● **AIM OF THE EXERCISE**:
Every line below from the one with "现在,您将获得建议,将源代码中的更多代码结构转换为 C# 12" through the one with "По данным таблицы" should be retyped exactly, both ends included; no other lines and no pictures.

↓↓↓

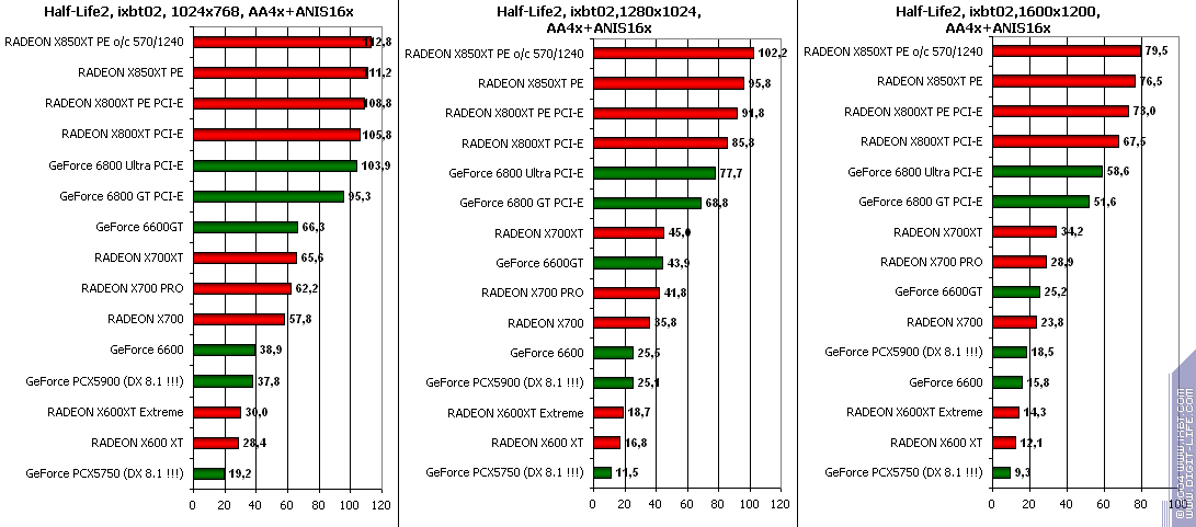RADEON X850XT PE — против GeForce 6800 Ultra PCI-E аналогично.
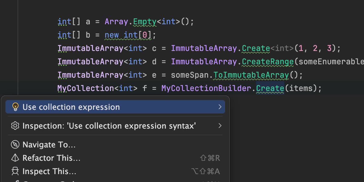 现在,您将获得建议,将源代码中的更多代码结构转换为 C# 12 中的集合表达式,例如空数组或 ImmutableArray 声明和初始化。
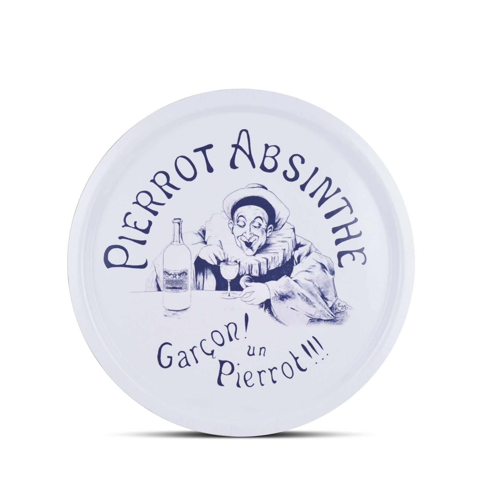 Notre plateau de service Pierrot Absinthe est fabriqué à Pontarlier, en France, une petite ville située à l'est du pays, à la frontière de la Suisse. La grande capacité de notre plateau de 31 cm de diamètre est idéale pour accueillir une variété de tailles d'assiettes et de bols, ainsi qu'une gamme variée de bouteilles, de verres ou de carafes. Le plateau est fabriqué en mélamine légère de haute qualité et offre une durabilité supérieure et une manipulation aisée. Il est également résistant aux rayures et aux éclats.
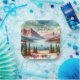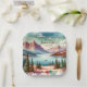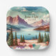 Assiettes en papier personnalisées avec une jolie vue montagneuse à l'aquarelle pour mariage. Les couleurs sont bleues, vertes et marron. Ajoutez les noms des mariés et la date du mariage dans la zone de personnalisation.
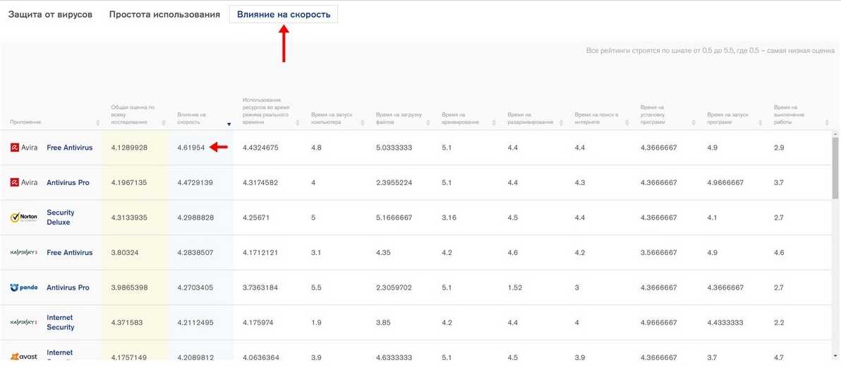 По данным таблицы становится понятно, что менее всего на производительность операционной системы влияет антивирус Avira Free Antivirus. Это продукт немецких разработчиков с достаточно высокой степенью защиты и невысокими системными требованиями.
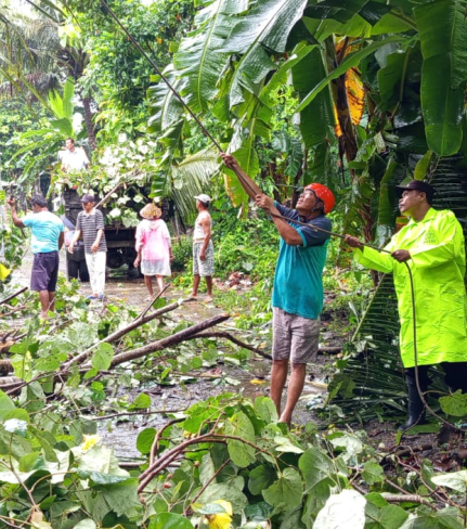 Tanpa menunggu waktu lama, Aiptu Toto Choirudin bersama Ketua RT setempat dan warga sekitar bahu-membahu membersihkan material pohon. Dengan menggunakan peralatan seadanya dan gergaji mesin, petugas dan warga memotong batang serta ranting pohon yang melintang di tengah jalan.
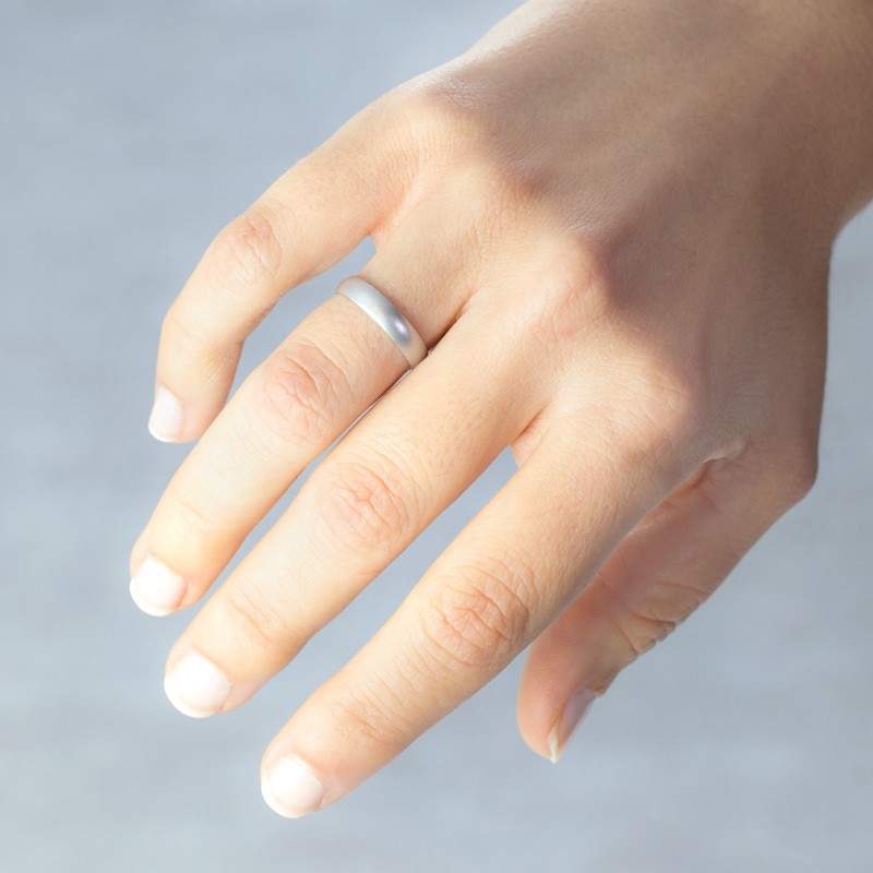 La alianza en oro blanco de 18 kilates destaca por su diseño en media caña, lo que proporciona un ajuste cómodo y natural. Con un ancho de 4 mm, es lo suficientemente prominente para ser notada, pero sin ser ostentosa. El espesor de menos de 1 mm garantiza que el anillo sea ligero y cómodo de llevar durante todo el día. El acabado exterior con efecto arena no solo añade un toque moderno, sino que también asegura que el anillo tenga una textura única y agradable al tacto. Además, el interior plano del anillo asegura que se ajuste perfectamente al dedo, proporcionando una experiencia cómoda y agradable.
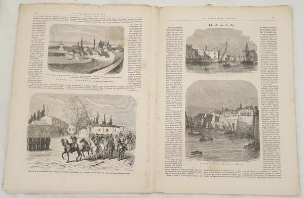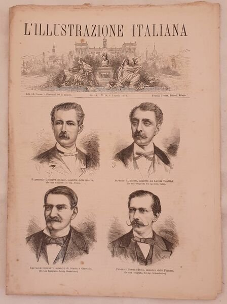 Numero del 7 aprile 1878 dell'Illustrazione italiana. Il volume in folio è riccamente illustrato da incisioni nel testo e fuori testo. All'interno: I russi presso Costantinopoli, Scavi di Roma, Esposizione Universale di Parigi Le incisioni: Membri del Governo Italiano (Giuseppe Bruzzo, Alfredo Baccarini, Raffaele Conforti, Federico Seismit Doda), San Stefano il punto di confine tra l'esercito russo e l'esercito turco, Recenti scavi di ROma (Tensa Capitolina), Ponte rotto dai Turchi, Entrata del generale Principe Oldenburg, Il porto di Malta, Il forte della Valletta a Malta, Veduta di Tcekmedge ecc. In buone condizioni. Copertina editoriale in buone condizioni con lievi usure ai margini e dorso. Legatura editorialmente assente. Pagine in buone condizioni con fioriture. Piegatura orizzontale. In folio cm 38,5x27,5. Pp. da 225 a 240Number of 7th of april 1878 of Illustrazione italiana. The volume in folio is richly illustrated by engravings in the text and out of text. Inside: I russi presso Costantinopoli, Scavi di Roma, Esposizione Universale di Parigi The engravings: Members of Italian government (Giuseppe Bruzzo, Alfredo Baccarini, Raffaele Conforti, Federico Seismit Doda), San Stefanothe meeting point between russian and turkish army, (Tensa Capitolina), Prince Oldenburg, the Harbour of Malta, the fort of La Valletta in Malta, View of Tcekmedge In good conditions. Editorial cover in good conditions slightly won in the extremities. Binding editoriarly lacks. Pages are in good conditions with foxing. Horizontal folding. In folio cm 38,5x27,5. Pp. from 225 to 240

↑↑↑

● **SOLVED PROBLEM**:
 现在,您将获得建议,将源代码中的更多代码结构转换为 C# 12 中的集合表达式,例如空数组或 ImmutableArray 声明和初始化。
 Notre plateau de service Pierrot Absinthe est fabriqué à Pontarlier, en France, une petite ville située à l'est du pays, à la frontière de la Suisse. La grande capacité de notre plateau de 31 cm de diamètre est idéale pour accueillir une variété de tailles d'assiettes et de bols, ainsi qu'une gamme variée de bouteilles, de verres ou de carafes. Le plateau est fabriqué en mélamine légère de haute qualité et offre une durabilité supérieure et une manipulation aisée. Il est également résistant aux rayures et aux éclats.
 Assiettes en papier personnalisées avec une jolie vue montagneuse à l'aquarelle pour mariage. Les couleurs sont bleues, vertes et marron. Ajoutez les noms des mariés et la date du mariage dans la zone de personnalisation.
 По данным таблицы становится понятно, что менее всего на производительность операционной системы влияет антивирус Avira Free Antivirus. Это продукт немецких разработчиков с достаточно высокой степенью защиты и невысокими системными требованиями.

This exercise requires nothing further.